EXERCISE DESCRIPTION: Print, word for word, the opening line of the data below and every line after it through the line that contains "Black Framed/Matted Print", but not the pictures.

------ SOURCE DATA

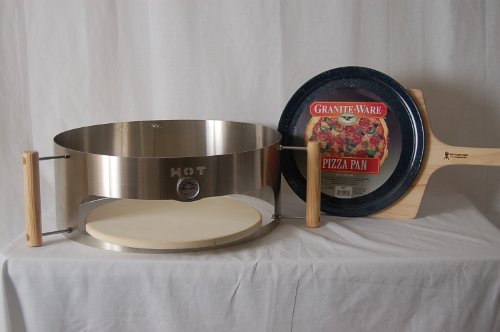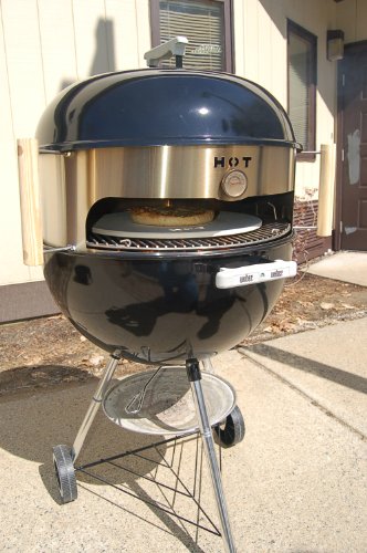 - Feature : Transforms 18.5" or 22.5" kettle grills into a pizza oven / Heat remains stable because lid does not need to be removed to access food / Made of 20 gauge, 304 grade stainless steel. Made in USA / Kit includes stainless sleeve, handles, thermometer, aluminum pan, 15" cordierite stone and wooden pizza peel / Works with charcoal or hardwood
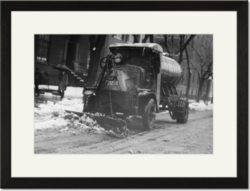 Black Framed/Matted Print 17x23, Tank Truck with Snow Plow Cleans the Streets Review
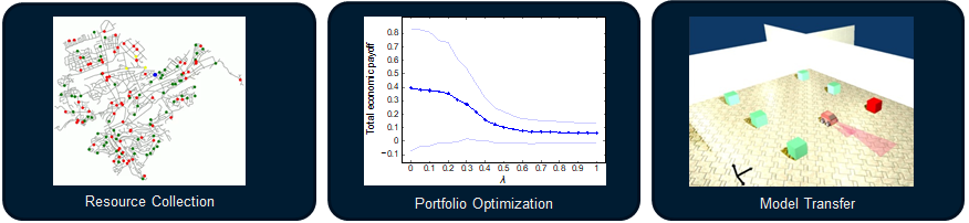 Reinforcement learning can learn powerful policies which enable autonomous systems to dynamically adapt to unknown situations and still perform well in maximizing expected rewards. In our group, we develop novel solutions for spatial mobility tasks such as resource collection and allocation in highly dynamic environments. We aim to make our agents as versatile to adapt to changed conditions and variations of the environment. We further investigate risk and constraints to enforce stable outcomes in financial settings such as portfolio allocation.
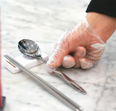 在北京市朝陽大悅城一家餐飲店內(nèi),食客隔位而坐,餐具“公私”分明?!伴_始使用公筷、公勺時,有點不習(xí)慣,不過現(xiàn)在已經(jīng)適應(yīng)了,分著吃更安全。”在店內(nèi)用餐的黃先生說。

------------

EXERCISE ANSWER:
 - Feature : Transforms 18.5" or 22.5" kettle grills into a pizza oven / Heat remains stable because lid does not need to be removed to access food / Made of 20 gauge, 304 grade stainless steel. Made in USA / Kit includes stainless sleeve, handles, thermometer, aluminum pan, 15" cordierite stone and wooden pizza peel / Works with charcoal or hardwood
 Black Framed/Matted Print 17x23, Tank Truck with Snow Plow Cleans the Streets Review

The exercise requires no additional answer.